» **What to produce**: Print all entries below exactly, without images.

» **Provided entries**:
-.-.-

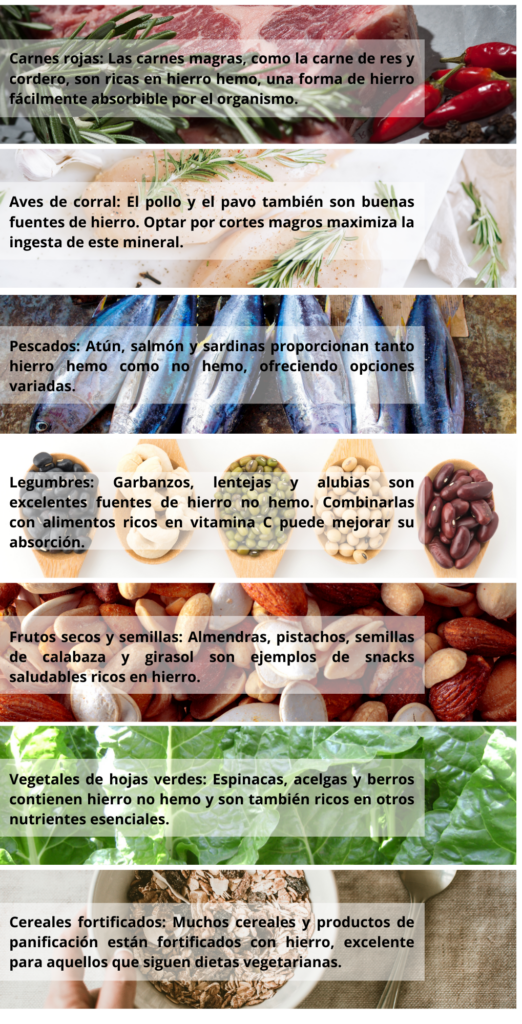 Nota: La absorción de hierro se puede mejorar consumiendo alimentos ricos en vitamina C, como cítricos, fresas o pimientos.
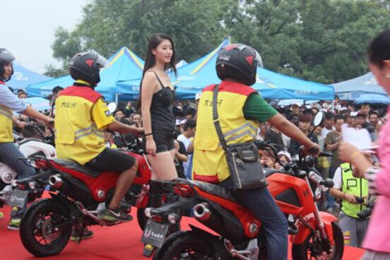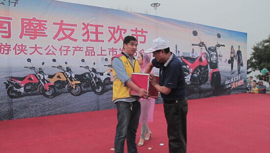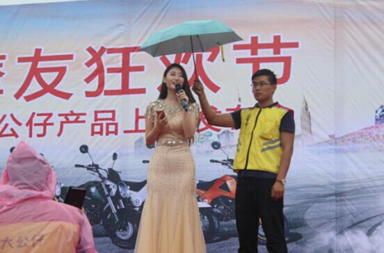 在摩友们的欢呼喝彩声中,津沙摩托代言人岳丹阳小姐现身台上,为故乡的摩友献上了与大公仔的首秀并正式的完成了携手津沙代言的签约仪式.
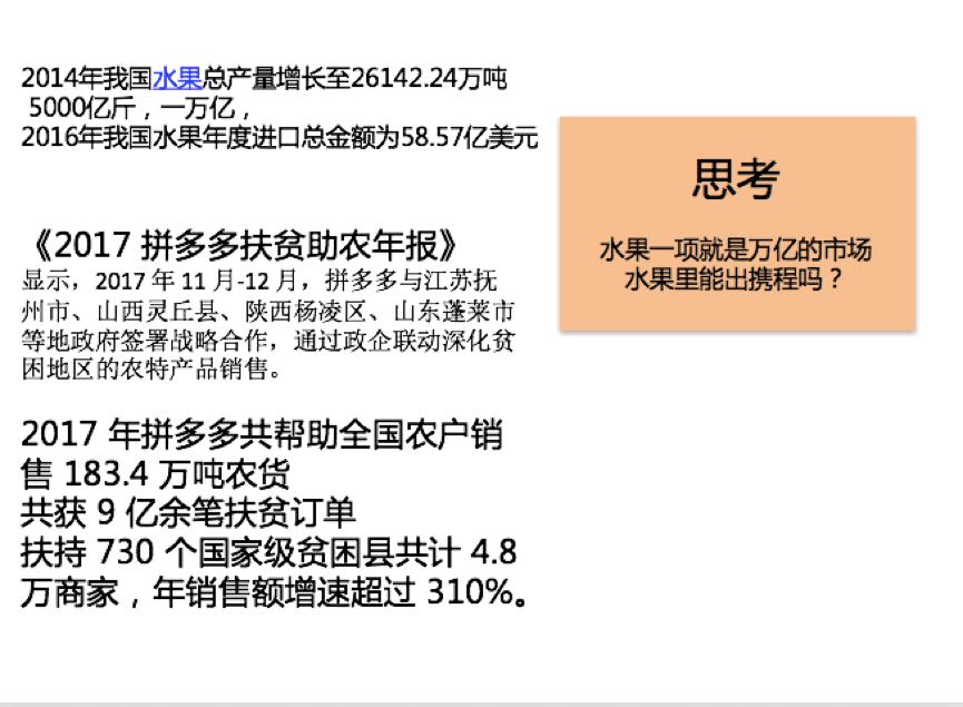 我找到一份2017年拼多多的扶贫助农年报。2017年,拼多多扶持一批贫困县,做了帮助全国农户销售了183万吨农货,支持了9亿笔扶贫订单,扶持了730个国家级贫困县,共4.8万个商家,年销售额增长突破了300%。
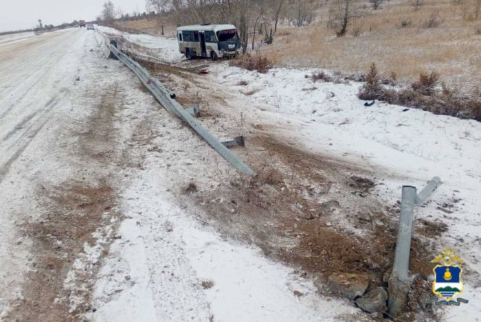 В Бурятии врезался в дорожное ограждение, съехал с дороги и опрокинулся автобус, следовавший по маршруту «Наушки – Улан-Удэ».
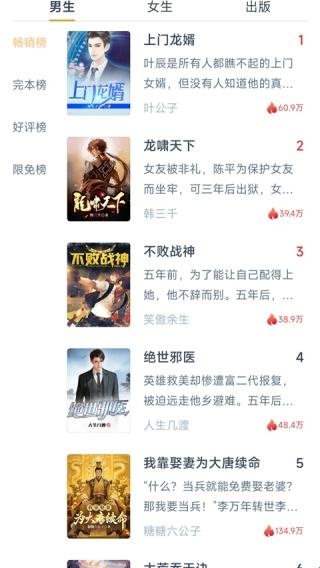 2、根据各种排行排名,能够查找到喜欢的小说作品;
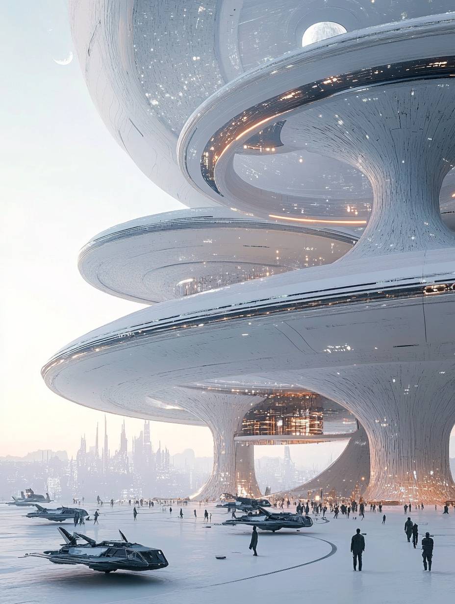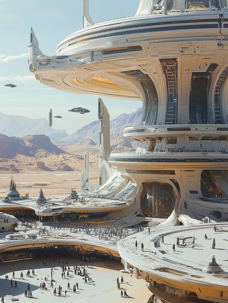 A massive circular space station with multiple levels and a large ringed hanger, some small ships parked outside the main structure. People walking around in futuristic , concept art in the style of Ross Tran, sci-fi. --ar 3:4 --v 6.1 --style raw
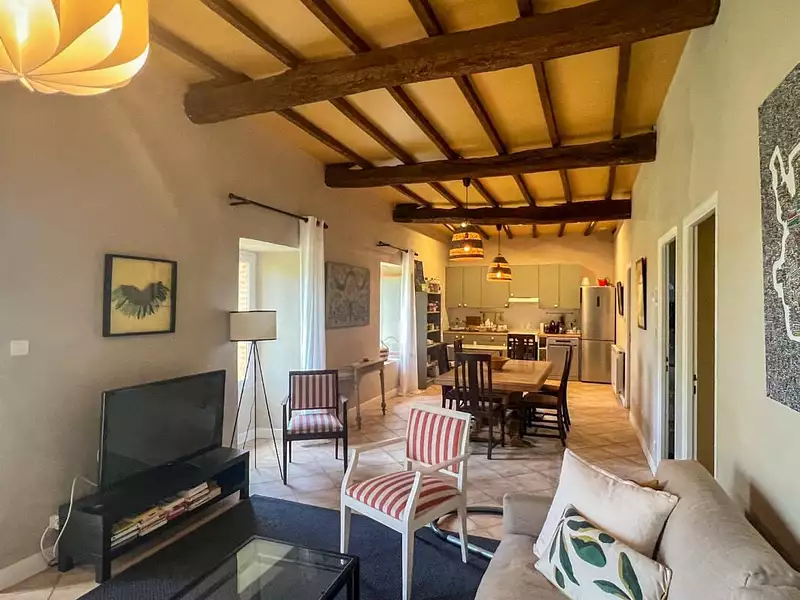 Le salon/salle à manger principal est un espace fantastique pour se divertir. Avec sa large voûte originale en plein cintre, la pièce est divisée en deux parties distinctes. La première dispose d'une belle cheminée en pierre d'époque Louis XV près de laquelle la famille se réunit. C'est l'endroit idéal pour se retrouver à Noël ou en hiver. La deuxième partie de la pièce est utilisée en tant que salle à manger. Le salon et la salle à manger sont toutes deux dotées de grandes fenêtres donnant sur les jardins.

-.-.-

» **Reply**:
 Nota: La absorción de hierro se puede mejorar consumiendo alimentos ricos en vitamina C, como cítricos, fresas o pimientos.
 在摩友们的欢呼喝彩声中,津沙摩托代言人岳丹阳小姐现身台上,为故乡的摩友献上了与大公仔的首秀并正式的完成了携手津沙代言的签约仪式.
 我找到一份2017年拼多多的扶贫助农年报。2017年,拼多多扶持一批贫困县,做了帮助全国农户销售了183万吨农货,支持了9亿笔扶贫订单,扶持了730个国家级贫困县,共4.8万个商家,年销售额增长突破了300%。
 В Бурятии врезался в дорожное ограждение, съехал с дороги и опрокинулся автобус, следовавший по маршруту «Наушки – Улан-Удэ».
 2、根据各种排行排名,能够查找到喜欢的小说作品;
 A massive circular space station with multiple levels and a large ringed hanger, some small ships parked outside the main structure. People walking around in futuristic , concept art in the style of Ross Tran, sci-fi. --ar 3:4 --v 6.1 --style raw
 Le salon/salle à manger principal est un espace fantastique pour se divertir. Avec sa large voûte originale en plein cintre, la pièce est divisée en deux parties distinctes. La première dispose d'une belle cheminée en pierre d'époque Louis XV près de laquelle la famille se réunit. C'est l'endroit idéal pour se retrouver à Noël ou en hiver. La deuxième partie de la pièce est utilisée en tant que salle à manger. Le salon et la salle à manger sont toutes deux dotées de grandes fenêtres donnant sur les jardins.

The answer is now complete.